Traiteur
by untitled06

Grandmomma
To be loved as to love with all my heart

Eugene's favorite memories are of his grandmomma -- an elderly woman with stained hands and white streaks in her hair. She had been a traiteuse -- the Cajun word for faith healer and medicine woman -- and Eugene can still remember fondly the heady smell of her clothes. All spice and love and tobacco.

On visits, she would pull him aside into the kitchen and ask him questions about how he felt as she searched his skin for any blemishes and massaged the sides of his neck, looking for lumps. He had tried to learn her magic back then, through careful observation and through the skin by touch. He memorized the patterns her hands took across his spine, studying the lines of careful concentration in her tan, worn face. She spoke soft words beneath her breath as she worked, and Eugene always tried to decipher their meaning. Her voice was gentle and reedy.
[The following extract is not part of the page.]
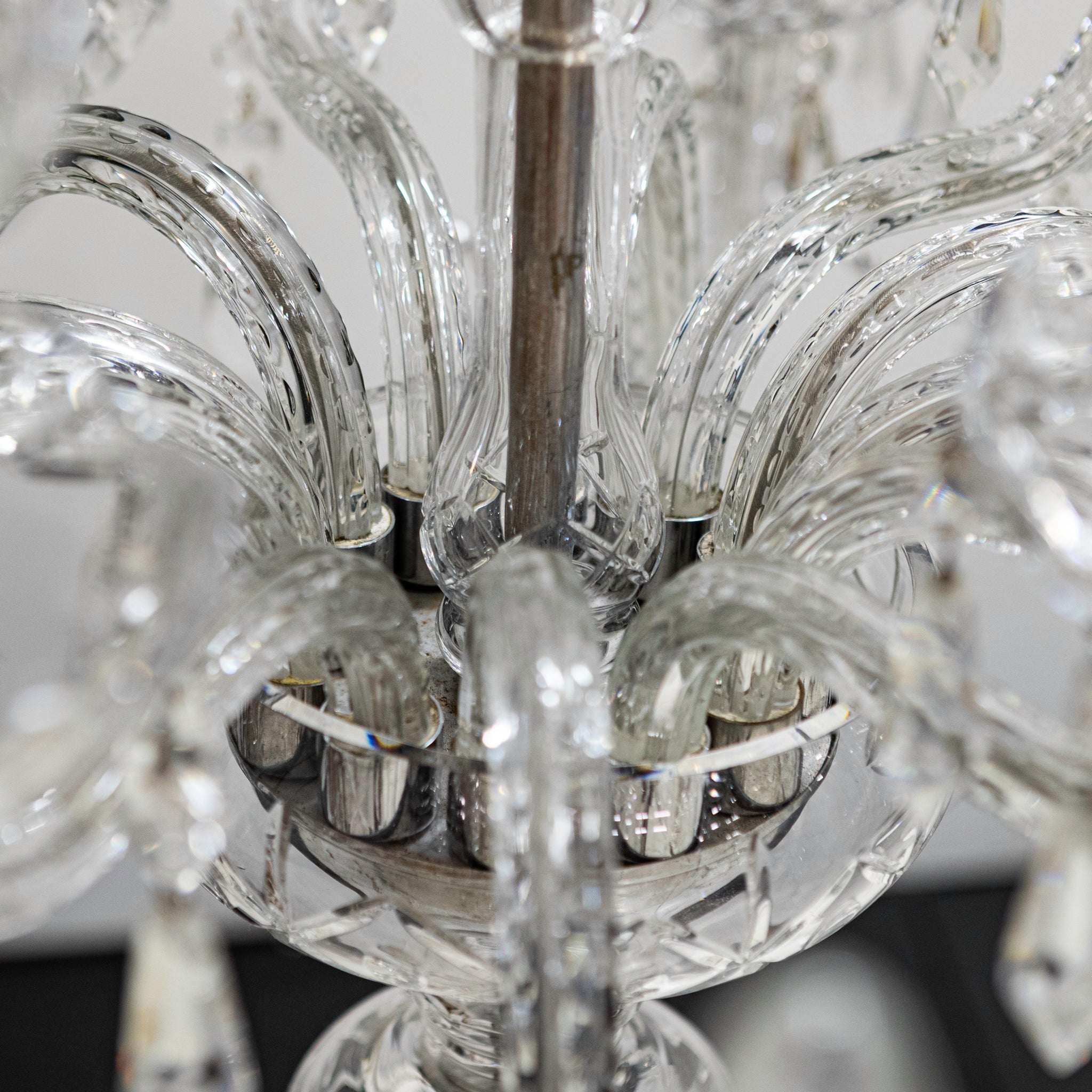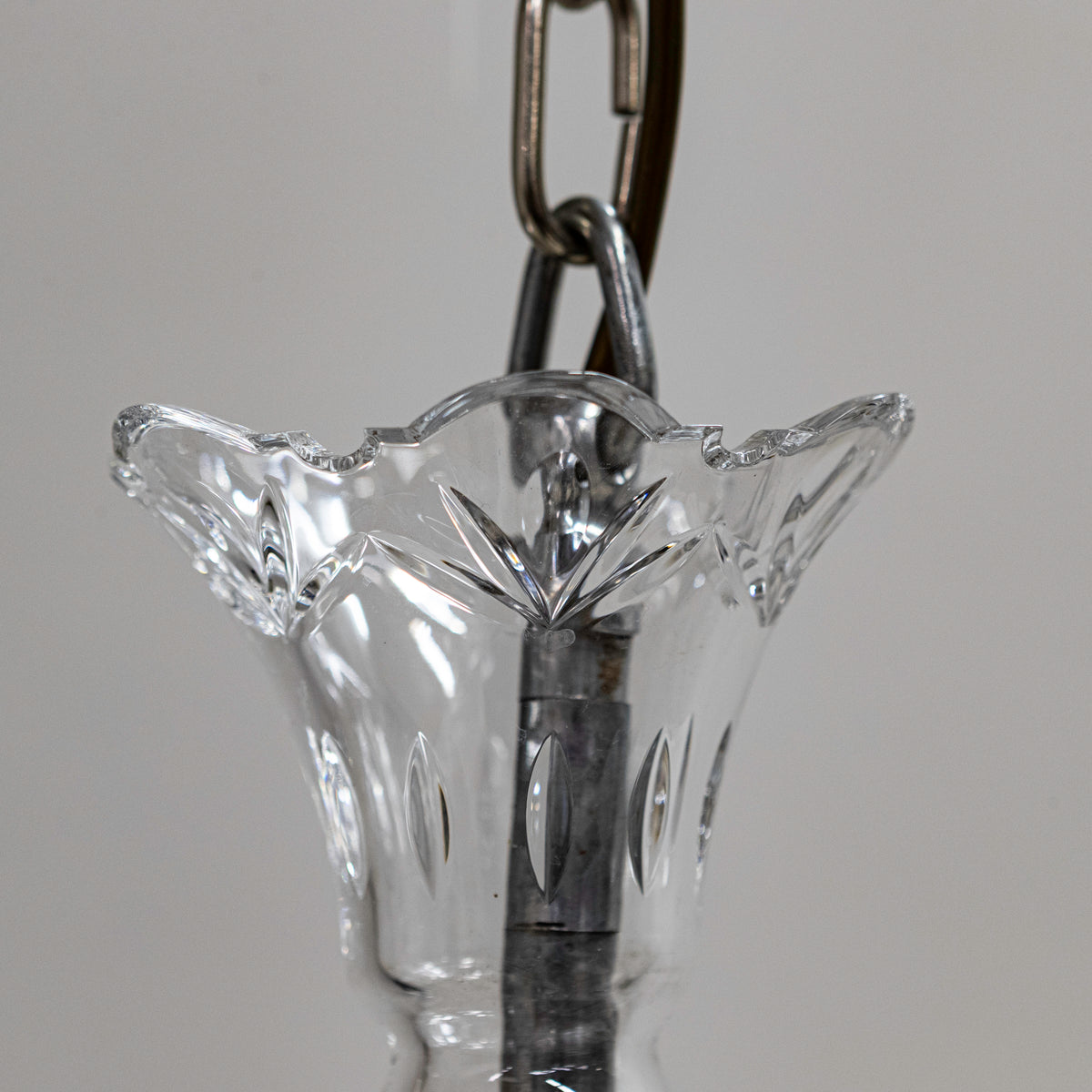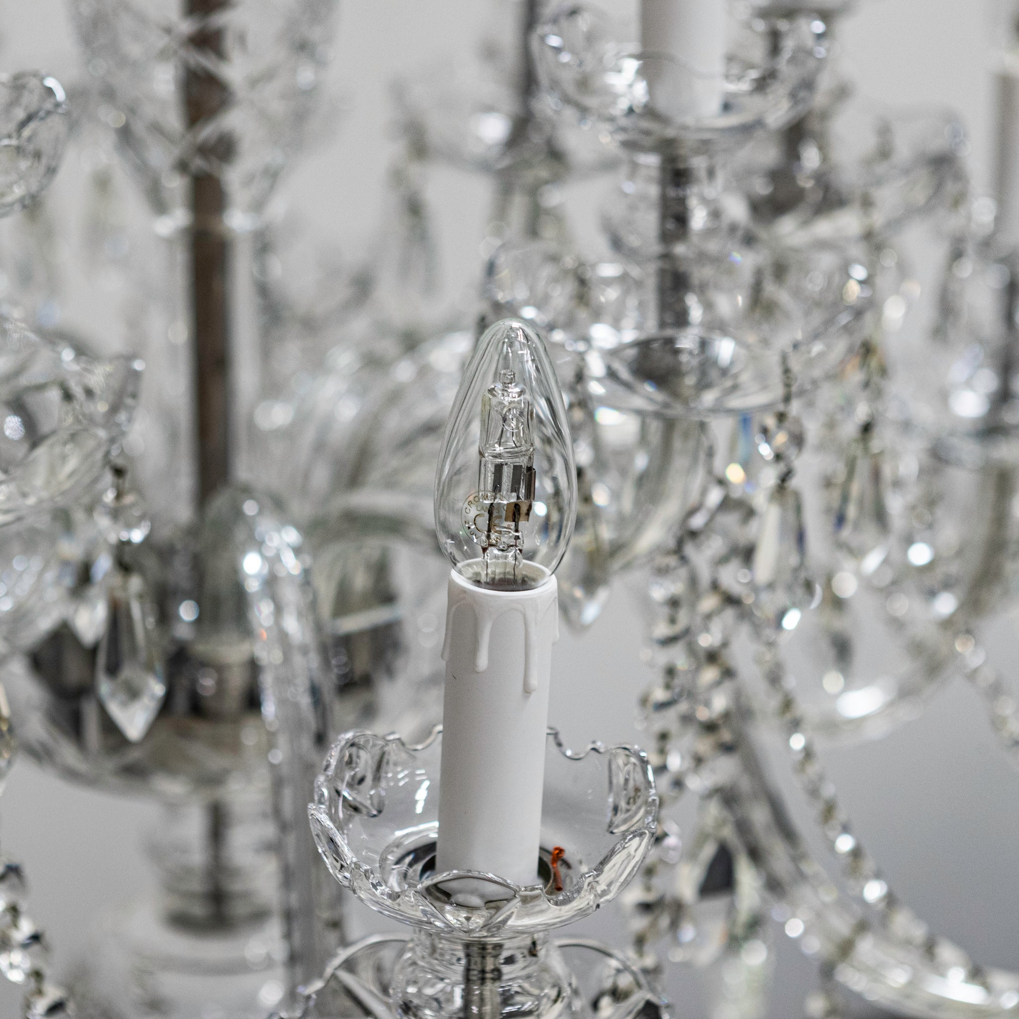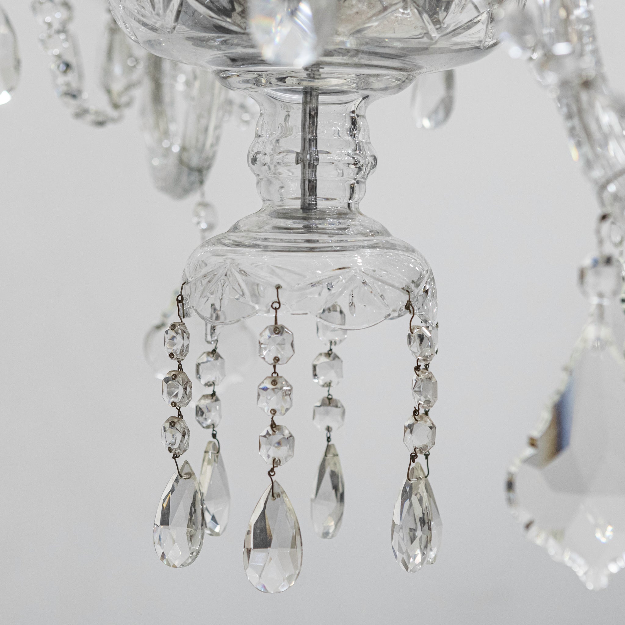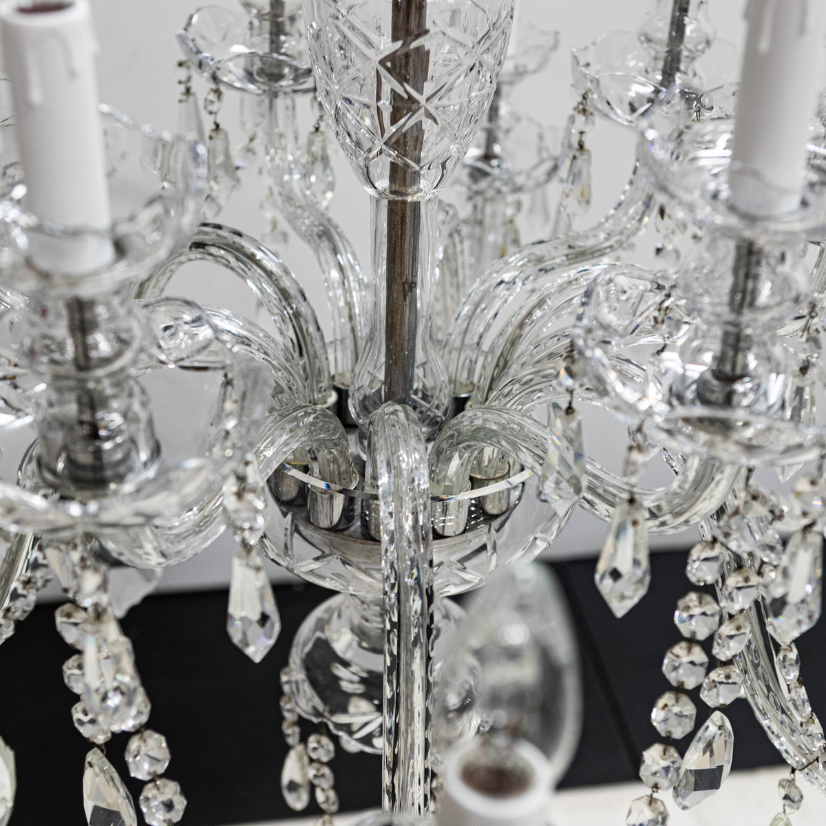 Composed of scalloped droplets, cut glass bobeche trays and detailed stems that are also echoed through the central elements.

"To be a healer ain't no small thing, child," she had told him once. "There's power in it. But with power comes pain, an' a good lot of it. The sickness don't just up an' disappear, it becomes your own, you understand? An' if you don't learn to let it go, if you don't give it to the sky or the swamp or the wind, it'll see you dead an' buried. As good as gone an' no damn fault but your own, I reckon."

Her arthritic fingers trembled as she unraveled a length of string, making knots along its plain length. Nine in all, one for each day of healing, and before his grandmomma tried the string around his neck, she would mutter a prayer over each tiny knot like the beads of rosary.

"God's gift is a right test of faith," she had said. "And without none you ain't gonna be savin' nobody."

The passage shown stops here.